Adolfo Sánchez Rebolledo
El voto de los pobres

La ley prohíbe expresamente el uso de los recursos públicos para condicionar el voto de los ciudadanos, tipificando como delitos ciertas prácticas que durante décadas se consideraban tan normales como la falta de competencia partidista.

El artículo 107 del Código Penal prevé sanciones para el servidor público que ``... condicione la prestación de un servicio público, el cumplimiento de programas o la realización de obras públicas, en el ámbito de su competencia, a la emisión del sufragio en favor de un partido político o candidato''.

Bajo el régimen de partido casi único esas prácticas parecían lo más natural del mundo. Era tan delgada la línea que separa al gobierno del partido, que casi no se ve la diferencia entre la acción oficial y las campañas electorales con que se renuevan los mandos políticos bajo el principio sagrado de la ``no reelección''.
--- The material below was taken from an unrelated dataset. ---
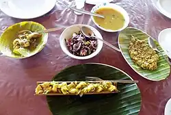 The Chittagong Hill Tracts are home to tribes with their own culture and cuisine.[38][39] Chakma cuisine uses sidol, a paste made from fermented shrimps and fish, and suguni, dried shrimp or fish.[40] Their dishes use more herbs from the hills more than the spices common in Bengali dishes.[40] Important seasonal ingredients include wild mushrooms and the Flowers of ginger and turmeric plants.[40] Sumoh gorang is a dish cooked in bamboo and Hebaang is baked in banana leaves in a mud oven.[40] Marma cuisine uses a paste of dried fish called nappi.[4] Rice beer is a popular drink.[4]

Al monopolio político del PRI corresponde el monopolio clientelar que administra el gobierno, a cuyas costas se realizan delirantes campañas cuyos resultados (``si el voto ciudadano me favorece'') se sabían de antemano, aunque no eran una completa mascarada inútil, pues servían para conferirle cierta legitimidad ``democrática'' al elegido, gracias a la aplanadora tricolor. La ciudadanía, en especial la mayoría más pobre, asiste a esas elecciones para recibir sin compromiso las minúsculas porciones de esperanza renovable (y despensas) que le ofrecen los candidatos.

Con el pluralismo político y las reformas electorales que sustentan la transición a la democracia, las cosas comenzaron a cambiar. Por primera vez los votantes votaron y los votos se contaron, pero muchas de las prácticas tradicionales se mantuvieron a contrapelo de los grandes cambios ocurridos, sobre todo en las regiones donde las necesidades populares están a flor de piel.
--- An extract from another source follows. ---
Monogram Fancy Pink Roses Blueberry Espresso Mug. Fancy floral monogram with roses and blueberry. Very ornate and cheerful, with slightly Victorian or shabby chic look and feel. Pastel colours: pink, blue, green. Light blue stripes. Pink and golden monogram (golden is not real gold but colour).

Son tantas las carencias de la gente, que los mismos partidos de oposición resolvieron enfrentar el clientelismo priísta aconsejando a los ciudadanos que tomaran los regalos electorales sin sentirse por ello obligados a votar por el PRI, pues resultaba inútil pedir que la gente rechazara materiales para la vivienda o despensas cuando se vive en la penuria más extrema. Pero esta recomendación pragmática, y hasta cierto punto inevitable, se traduce en un intercambio moral pobre y políticamente dudoso, que no evita las actitudes fraudulentas pero, en cambio, refuerza la idea antidemocrática de que el voto es materia de trueque.
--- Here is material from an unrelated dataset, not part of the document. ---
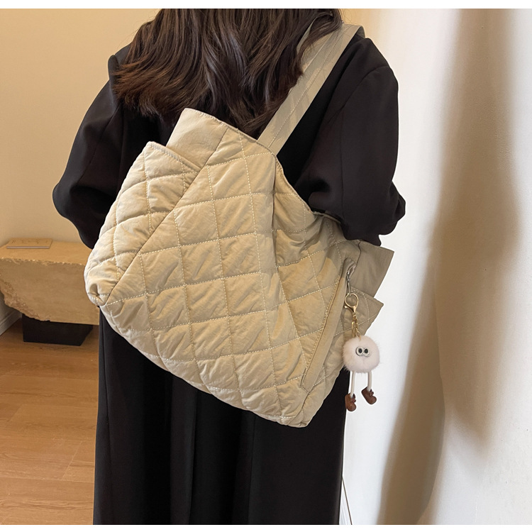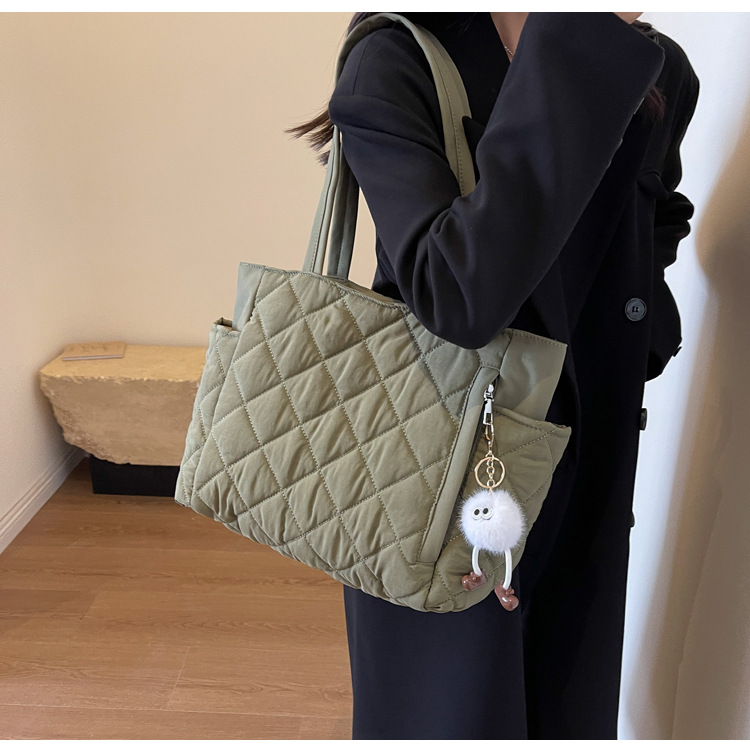 소스 제조업체의 대용량 마름모 면 가방, 트렌디하고 패셔너블한 나일론 숄더백, 여성용 캐주얼 통근 토트백

Es obvio que la alternativa al viejo clientelismo no es que todos los partidos hagan lo propio, aprovechando de la peor manera las necesidades de la gente. En ocasiones no es tan sencillo determinar cuándo las acciones de gobierno se utilizan sólo para inducir el voto y cuándo se hacen en cumplimiento de sus obligaciones pues, más allá de los casos flagrantes de mercadeo electoral que constituyen delitos, es evidente que todas las actividades gubernamentales intentan ``condicionar'' al electorado para que éste siga depositando su confianza en el partido en el poder. La solución no es, no podría ser, cancelar los programas sociales, sino sustraerlos de la disputa electoral mediante procedimientos de fiscalización más certeros y eficaces, sujetándolos al control de la sociedad.

Pero en el fondo de todo este asunto no hay más que una realidad brutal que seguirá conspirando contra la democracia, a saber: la pobreza de millones que están cansados de las promesas incumplidas. Da vergüenza que a cada elección se destinen millones de recursos que se convierten en dádivas, sin que los partidos asuman una postura definida ante la miseria de ``sus'' votantes y no sólo ante la eventualidad del fraude.

¿No va siendo hora de que los mexicanos asumamos que no habrá democracia en serio mientras una porción enorme de la población carezca de lo más elemental?